How can you buy freshly baked bread after Pesach and still violate the prohibition of חמץ שעבר עליו הפסח?

This happened this year in Bnei Brak, a bakery opened right after Pesach and sold freshly baked bread and Harav Shriel Rosenberg paskened that the buyers violated the issur of חמץ שעבר עליו הפסח.

How can this be? How can you violate the issur of חמץ שעבר עליו הפסח on freshly baked bread after Pesach?
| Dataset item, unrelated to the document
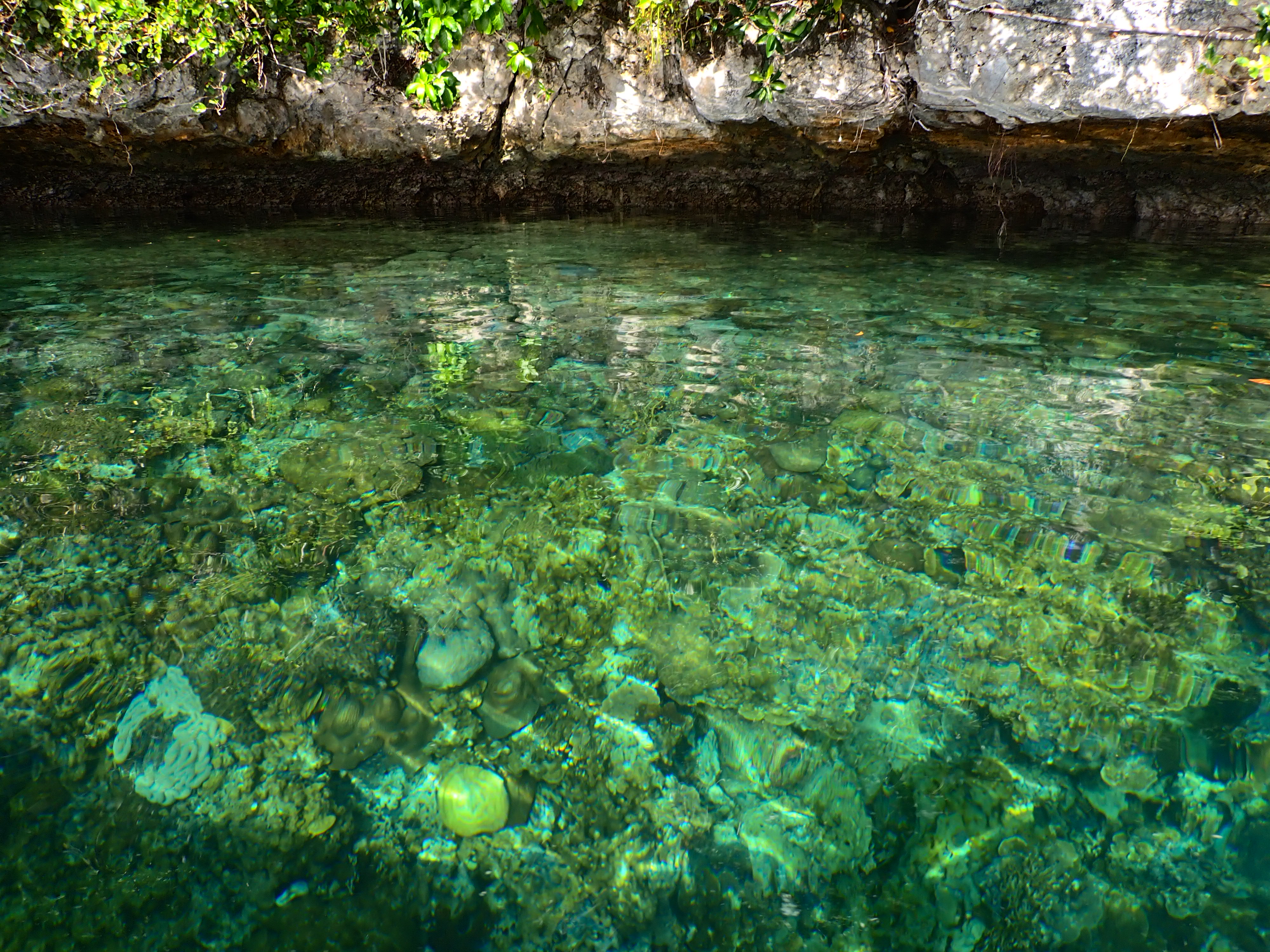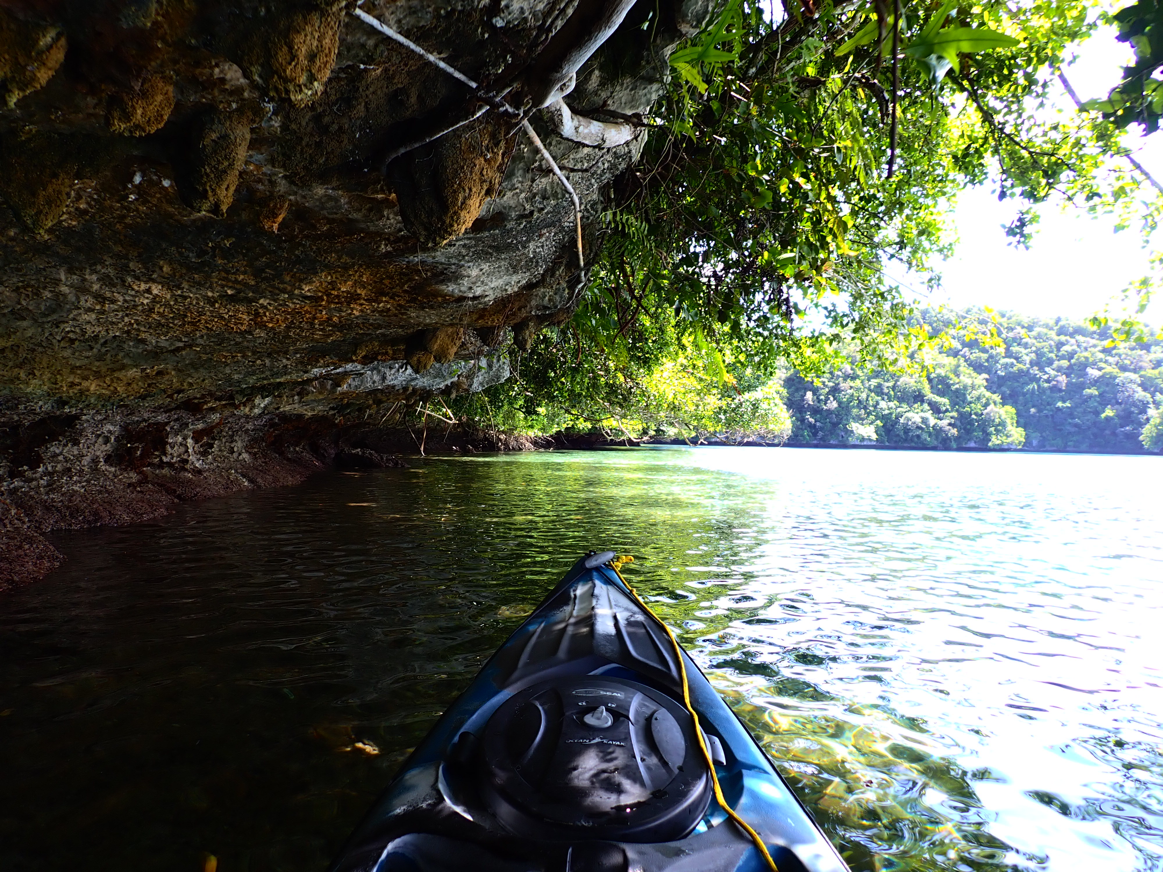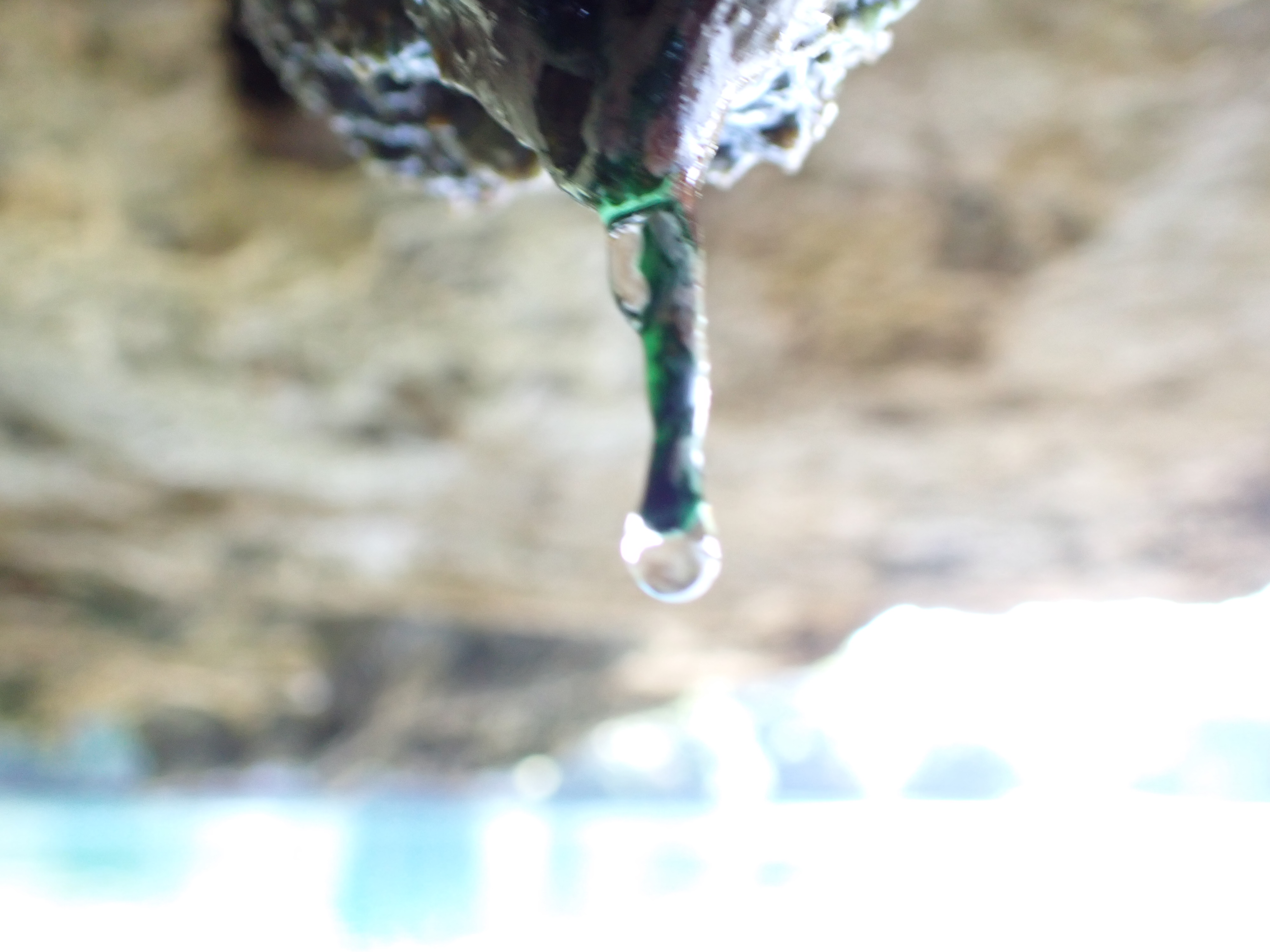 ロックアイランドに沿って漕ぐと日陰を通る事が出来るのでおすすめです。よく、見るとロックアイランドから垂れ下がる小さな鍾乳石の先端から水滴が零れていました。この水滴にミネラル成分があるので、こうして、少しずつ鍾乳石は成長していきます。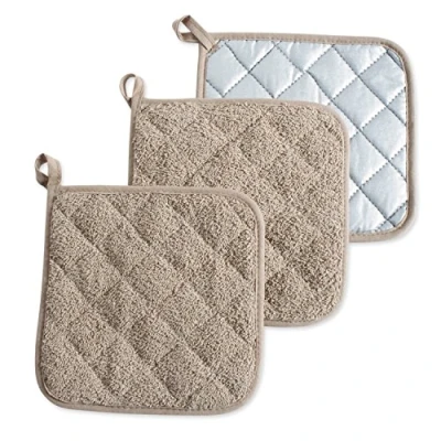 QUALITY PRODUCT: Our pot holders and oven mitt sets are 100% cotton, quilted and padded adding durability and are heat resistant; Use to remove hot pots and pans from the oven, a baking dish from the microwave oven and cooking on your stove top HANGING LOOP FOR EASY ACCESS: Set of 3 pot holders, each measure 7 x 7 inch square; Use as hot pads for hot dishes, coffee pot, hot pot, cast iron or cooking pot. Protect counter tops from scratches, place mat under heavy cast iron set PROTECT YOU FROM HEAT: Heat resistant up to 400 degrees allowing safe removal of baking dishes and cast iron from the oven and hot pots from the stove; Stay safe - Do not use potholders or oven mitts in a hot oven or over an open flame GREAT GIFT CHOICE: Pot holders, hot pads and oven mitts are apartment essentials, make great hostess gifts, housewarming gifts and camping accessories; Pair with cooking utensils, kitchen utensil set and dish towels for a fun and thoughtful gift CARE TIPS: Pot holders and oven mitts are machine washable, durable and long lasting with daily use; Wash in Cold Water on Gentle Cycle & Tumble Dry Low; So many color options make coordination with kitchen accessories and dish towels easy and fun

The answer is that the owner of the bakery was in the US for Pesach, and therefore when the bakery baked bread at 10PM the night after Pesach in Israel, it was only 3PM in NY on the 7th day of Pesach. Therefore, the owner of the bakery violated the issur of owning Chametz (since when the bread was baked it was still Pesach for him) and therefore the people who bought the bread violated the issur of חמץ שעבר עליו הפסח.

Source: Kikar Shabbat

4 comments:

SF2K01 said...

Does this work out though? It sounds logical to me, but what's the source that this is how it would function halachically?

JBHoren said...

Doesn't matter that the bakery owner was in the US for Pesach: the owner's agent, in Israel, sold the Chametz on the owner's behalf (according to the owner's instructions), prior to the Chag. So, no problem using the Chametz to bake bread Motzei Chag (in IL), and no problem eating that bread.

bluke said...

Jonathan,
I don't understand your point. What does this have to do with selling chametz before pesach? This chametz was created on pesach based on the owners location.

JBHoren said...

Sorry. I thought you were positing a conundrum; ooops. I was never shy in shiur.